Q: How did you learn all of this?

A: The basis of my knowledge comes from my electrical engineering background, but other than that? A lot of googling, a lot of studying original game PCBs and schematics, a lot of thinking, and a LOT of testing. Hands-on learning really helps. For my actual career, I’ve done a lot of PCB design and layout, so I have a lot of experience there as well.

I try to document knowledge whenever possible to make this accessible for others – I set out to create something that would help people jump-start the hobby faster than what was available when I started out. That being said, I do not consider myself an expert by any means, just an enthusiast, so feel free to challenge me on anything I say. I’m not afraid to fix something I’ve gotten wrong.

Q: Is this your job?

A: As hinted at in the previous question, no this is not my main job, and it won’t ever be my main job. I love my actual job. This is just a hobby of mine (it has actually supplanted most of my time actually playing video games). As such, my time is quite limited – at best I can get only a few hours a day to work on this – so if I do not respond to your emails or messages immediately, please give me the benefit of the doubt. I will try to get back to you when I’m able to. This is also why my handling time for orders is generally a week long, because there have been many weeks where I was completely swamped with other work and home life, unable to do anything for the store or website for days on end, and burnout is a very real thing that I’ve experienced and want to avoid again. I hope you can understand!

Q: Can you give me gerber files so I can order your boards myself?

A: I’m planning to slowly release open source versions of most of my PCBs, so just be patient. The DMGC and MGBC are already open source! If you cannot find gerber files on my GitHub for a project you’re interested in, then I haven’t released them.

I do deeply request you give me credit where credit is due when using my website materials or open source projects.

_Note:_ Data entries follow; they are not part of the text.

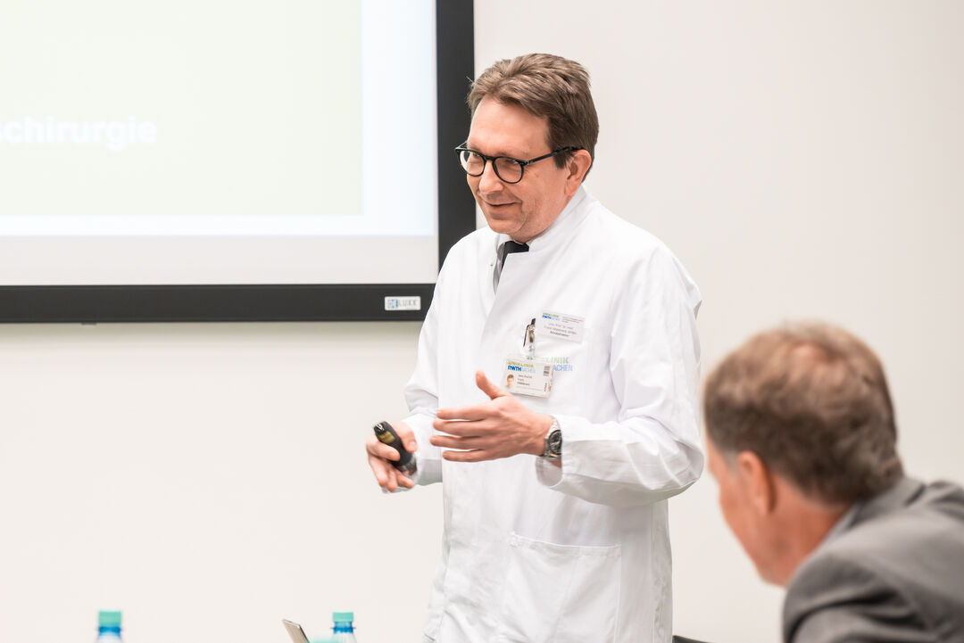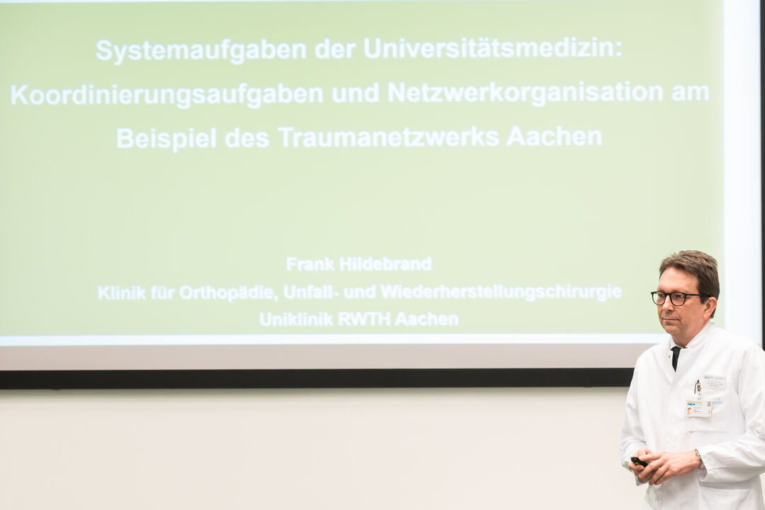 Anlass für den Besuch des Ministers im engeren Sinne war es, einen Überblick über die Systemaufgaben der Universitätsmedizin am Beispiel des TraumaNetzwerk® EURegio Aachen zu erhalten. Die Aachener Klinik für Orthopädie, Unfall- und Wiederherstellungschirurgie unter der Leitung von Univ.-Prof. Dr. med. Frank Hildebrand koordiniert dieses Netzwerk, um eine optimale Versorgung von schweren Verletzungen in der Region sicherzustellen. Mit ähnlicher Zielsetzung ist die Klinik als eine von nur zwei Kliniken in NRW als Traumazentrum nach G-BA-Richtlinien anerkannt. Als eine Voraussetzung für die Anerkennung wird beispielsweise 24/7 ein CT im Operationssaal vorgehalten, um optimale Operationsergebnisse selbst bei schwersten Verletzungen erreichen zu können.
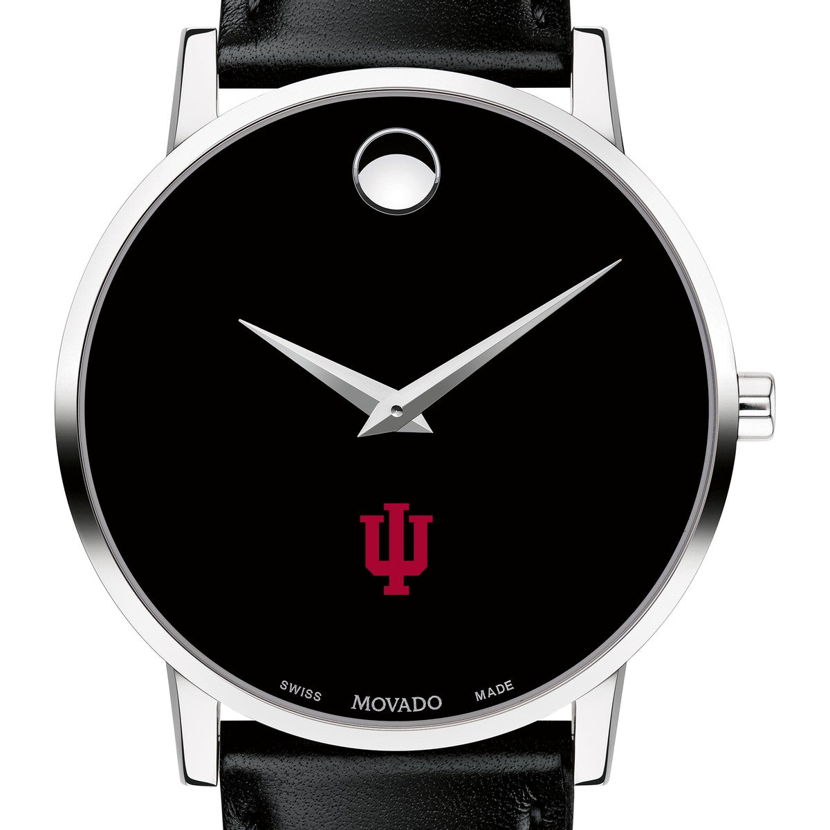 Indiana University Men's Movado Museum watch features the Indiana Logo in full color at 6 o'clock on black dial. Created in 1947, the iconic concave dot symbolizes the sun at high-noon. Complimentary personal engraving.
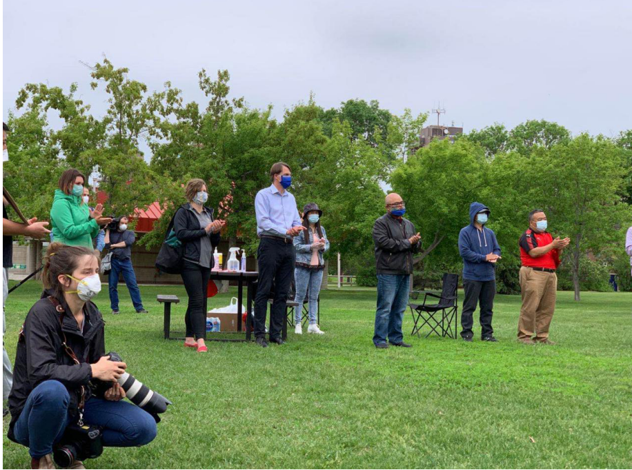 6月14日下午2点,两三百名萨斯卡通市的华人居民聚集在金斯曼公园,反对针对中国人的种族主义行为。

I put a lot of time into these projects. Most projects will be open source under the Creative Commons Attribution-ShareAlike 4.0 International License. This means you are able to copy and redistribute the material in any medium or format, as well as remix, transform, or build upon the material for any purpose (even commercial) – but you must give appropriate credit, provide a link to the license, and indicate if any changes were made.

Q: What’s the best way to contact you?

A: Please use email via the contact form whenever possible. I am bad at checking social media. Alternatively, I also have a discord channel.